The catch is serious. When the model hallucinates facts during reasoning, those wrong facts poison the final answer. On SimpleQA, 41.4% of reasoning traces with all-correct intermediate facts produced right answers, versus only 26.4% for traces containing hallucinated facts. The same pattern held on EntityQuestions: 71.1% correct with clean traces, 32.2% with hallucinated ones. Filtering for hallucination-free traces at inference time improved accuracy by up to 12.2%, pointing toward a practical fix.

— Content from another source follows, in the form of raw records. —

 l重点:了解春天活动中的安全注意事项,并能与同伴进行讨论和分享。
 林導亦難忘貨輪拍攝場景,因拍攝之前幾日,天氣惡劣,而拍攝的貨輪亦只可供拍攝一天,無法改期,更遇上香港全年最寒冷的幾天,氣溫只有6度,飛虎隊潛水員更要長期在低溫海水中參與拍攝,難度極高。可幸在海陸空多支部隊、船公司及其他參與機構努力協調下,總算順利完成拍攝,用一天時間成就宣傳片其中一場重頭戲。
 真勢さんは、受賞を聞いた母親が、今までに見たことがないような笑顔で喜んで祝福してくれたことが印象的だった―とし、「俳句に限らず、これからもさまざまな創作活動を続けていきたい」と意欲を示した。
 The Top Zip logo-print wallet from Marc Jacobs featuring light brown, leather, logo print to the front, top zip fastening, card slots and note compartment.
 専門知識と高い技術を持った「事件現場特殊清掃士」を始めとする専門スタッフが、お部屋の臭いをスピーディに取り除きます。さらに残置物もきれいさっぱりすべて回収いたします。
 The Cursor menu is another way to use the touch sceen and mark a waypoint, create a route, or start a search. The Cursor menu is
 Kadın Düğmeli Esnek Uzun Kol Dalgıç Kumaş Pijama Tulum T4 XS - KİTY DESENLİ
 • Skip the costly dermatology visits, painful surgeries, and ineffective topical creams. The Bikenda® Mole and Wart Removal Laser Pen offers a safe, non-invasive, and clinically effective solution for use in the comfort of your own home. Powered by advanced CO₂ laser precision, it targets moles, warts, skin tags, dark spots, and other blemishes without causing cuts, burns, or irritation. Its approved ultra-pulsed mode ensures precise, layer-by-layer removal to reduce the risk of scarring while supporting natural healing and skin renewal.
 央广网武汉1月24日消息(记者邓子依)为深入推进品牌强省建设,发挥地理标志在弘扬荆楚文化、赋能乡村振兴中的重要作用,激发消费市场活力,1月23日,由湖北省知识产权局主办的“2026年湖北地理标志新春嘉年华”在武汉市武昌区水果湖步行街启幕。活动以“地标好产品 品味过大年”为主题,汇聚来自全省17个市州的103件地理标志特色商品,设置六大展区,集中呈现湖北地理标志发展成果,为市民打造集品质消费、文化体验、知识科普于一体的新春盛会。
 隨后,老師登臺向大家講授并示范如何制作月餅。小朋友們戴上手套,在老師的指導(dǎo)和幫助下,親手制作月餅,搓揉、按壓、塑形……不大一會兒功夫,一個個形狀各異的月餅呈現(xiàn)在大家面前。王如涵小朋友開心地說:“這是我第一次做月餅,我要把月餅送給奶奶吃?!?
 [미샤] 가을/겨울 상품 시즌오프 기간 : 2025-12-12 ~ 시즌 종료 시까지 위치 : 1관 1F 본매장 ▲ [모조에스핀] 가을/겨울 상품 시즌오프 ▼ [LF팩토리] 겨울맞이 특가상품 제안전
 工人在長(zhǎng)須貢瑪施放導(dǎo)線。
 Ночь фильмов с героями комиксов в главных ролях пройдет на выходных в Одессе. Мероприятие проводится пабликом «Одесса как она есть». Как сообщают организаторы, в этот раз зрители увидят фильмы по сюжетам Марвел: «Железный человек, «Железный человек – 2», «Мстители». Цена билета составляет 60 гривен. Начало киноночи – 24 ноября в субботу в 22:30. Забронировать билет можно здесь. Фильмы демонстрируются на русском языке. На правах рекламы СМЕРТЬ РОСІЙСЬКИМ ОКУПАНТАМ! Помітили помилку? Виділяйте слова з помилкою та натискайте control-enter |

This reframes what chain-of-thought actually does. For simple factual questions, the benefit isn’t logical decomposition, it’s giving the model more computation cycles and a chance to self-prime its own memory. It also means reasoning isn’t just occasionally unreliable: there’s a specific mechanism where bad intermediate steps actively make the final output worse.
Sources:
- Thinking to Recall: How Reasoning Unlocks Parametric Knowledge in LLMs (arXiv)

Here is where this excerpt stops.